§ Exercise details: Please set down exactly the lines of the listing below from the line containing "还有马尚与赫子轩用于追踪陈灿" through the line containing "장훈성 눈꽃 타원접시 소 흑유 10개", both lines included, leaving out all other lines.

§ Entries supplied:
_ _ _ _ _ _ _

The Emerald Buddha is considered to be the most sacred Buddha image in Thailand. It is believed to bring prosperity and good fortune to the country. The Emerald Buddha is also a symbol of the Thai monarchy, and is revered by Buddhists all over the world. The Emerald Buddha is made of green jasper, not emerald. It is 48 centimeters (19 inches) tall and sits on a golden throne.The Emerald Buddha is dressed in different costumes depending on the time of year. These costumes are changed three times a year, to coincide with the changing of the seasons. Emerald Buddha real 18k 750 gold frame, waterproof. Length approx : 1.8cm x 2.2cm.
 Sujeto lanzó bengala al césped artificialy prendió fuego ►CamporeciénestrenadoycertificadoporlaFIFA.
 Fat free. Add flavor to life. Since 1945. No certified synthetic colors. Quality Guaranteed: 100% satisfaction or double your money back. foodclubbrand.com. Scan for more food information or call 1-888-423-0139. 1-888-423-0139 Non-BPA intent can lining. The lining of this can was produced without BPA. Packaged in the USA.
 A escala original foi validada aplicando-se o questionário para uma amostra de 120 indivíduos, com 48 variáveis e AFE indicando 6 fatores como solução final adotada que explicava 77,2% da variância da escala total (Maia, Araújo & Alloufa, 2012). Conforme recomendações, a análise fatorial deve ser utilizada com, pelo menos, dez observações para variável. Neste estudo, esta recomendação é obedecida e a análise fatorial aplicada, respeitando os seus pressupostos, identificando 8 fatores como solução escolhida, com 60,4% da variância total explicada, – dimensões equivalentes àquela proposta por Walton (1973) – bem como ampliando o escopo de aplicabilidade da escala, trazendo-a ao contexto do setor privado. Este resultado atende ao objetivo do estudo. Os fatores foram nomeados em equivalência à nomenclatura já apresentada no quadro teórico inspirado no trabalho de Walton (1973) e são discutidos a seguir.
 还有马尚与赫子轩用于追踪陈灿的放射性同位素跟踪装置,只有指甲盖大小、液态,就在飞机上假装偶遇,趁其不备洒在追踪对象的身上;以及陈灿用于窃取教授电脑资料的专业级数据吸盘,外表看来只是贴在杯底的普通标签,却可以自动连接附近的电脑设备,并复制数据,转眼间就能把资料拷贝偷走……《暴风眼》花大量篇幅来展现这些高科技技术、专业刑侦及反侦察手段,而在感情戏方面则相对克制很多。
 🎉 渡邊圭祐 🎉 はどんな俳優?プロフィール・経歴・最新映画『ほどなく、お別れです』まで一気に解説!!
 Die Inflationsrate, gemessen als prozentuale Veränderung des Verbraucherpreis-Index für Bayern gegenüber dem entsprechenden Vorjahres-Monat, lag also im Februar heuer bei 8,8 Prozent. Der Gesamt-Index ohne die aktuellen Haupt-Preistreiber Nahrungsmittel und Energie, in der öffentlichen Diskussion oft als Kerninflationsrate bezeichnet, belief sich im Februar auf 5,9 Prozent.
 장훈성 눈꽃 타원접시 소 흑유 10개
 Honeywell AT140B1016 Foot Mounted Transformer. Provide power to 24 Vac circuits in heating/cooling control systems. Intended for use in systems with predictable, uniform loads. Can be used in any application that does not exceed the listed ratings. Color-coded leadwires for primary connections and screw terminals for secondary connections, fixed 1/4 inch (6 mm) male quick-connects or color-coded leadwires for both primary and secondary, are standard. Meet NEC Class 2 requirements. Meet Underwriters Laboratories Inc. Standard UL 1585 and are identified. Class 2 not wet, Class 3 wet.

_ _ _ _ _ _ _

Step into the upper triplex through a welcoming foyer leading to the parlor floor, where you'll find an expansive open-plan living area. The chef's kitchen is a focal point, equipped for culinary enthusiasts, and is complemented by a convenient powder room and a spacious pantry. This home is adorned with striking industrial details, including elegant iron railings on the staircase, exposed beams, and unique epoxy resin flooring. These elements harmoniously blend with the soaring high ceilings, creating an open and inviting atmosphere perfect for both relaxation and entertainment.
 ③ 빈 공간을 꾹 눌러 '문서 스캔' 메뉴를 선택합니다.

_ _ _ _ _ _ _

§ Task solution:
 还有马尚与赫子轩用于追踪陈灿的放射性同位素跟踪装置,只有指甲盖大小、液态,就在飞机上假装偶遇,趁其不备洒在追踪对象的身上;以及陈灿用于窃取教授电脑资料的专业级数据吸盘,外表看来只是贴在杯底的普通标签,却可以自动连接附近的电脑设备,并复制数据,转眼间就能把资料拷贝偷走……《暴风眼》花大量篇幅来展现这些高科技技术、专业刑侦及反侦察手段,而在感情戏方面则相对克制很多。
 🎉 渡邊圭祐 🎉 はどんな俳優?プロフィール・経歴・最新映画『ほどなく、お別れです』まで一気に解説!!
 Die Inflationsrate, gemessen als prozentuale Veränderung des Verbraucherpreis-Index für Bayern gegenüber dem entsprechenden Vorjahres-Monat, lag also im Februar heuer bei 8,8 Prozent. Der Gesamt-Index ohne die aktuellen Haupt-Preistreiber Nahrungsmittel und Energie, in der öffentlichen Diskussion oft als Kerninflationsrate bezeichnet, belief sich im Februar auf 5,9 Prozent.
 장훈성 눈꽃 타원접시 소 흑유 10개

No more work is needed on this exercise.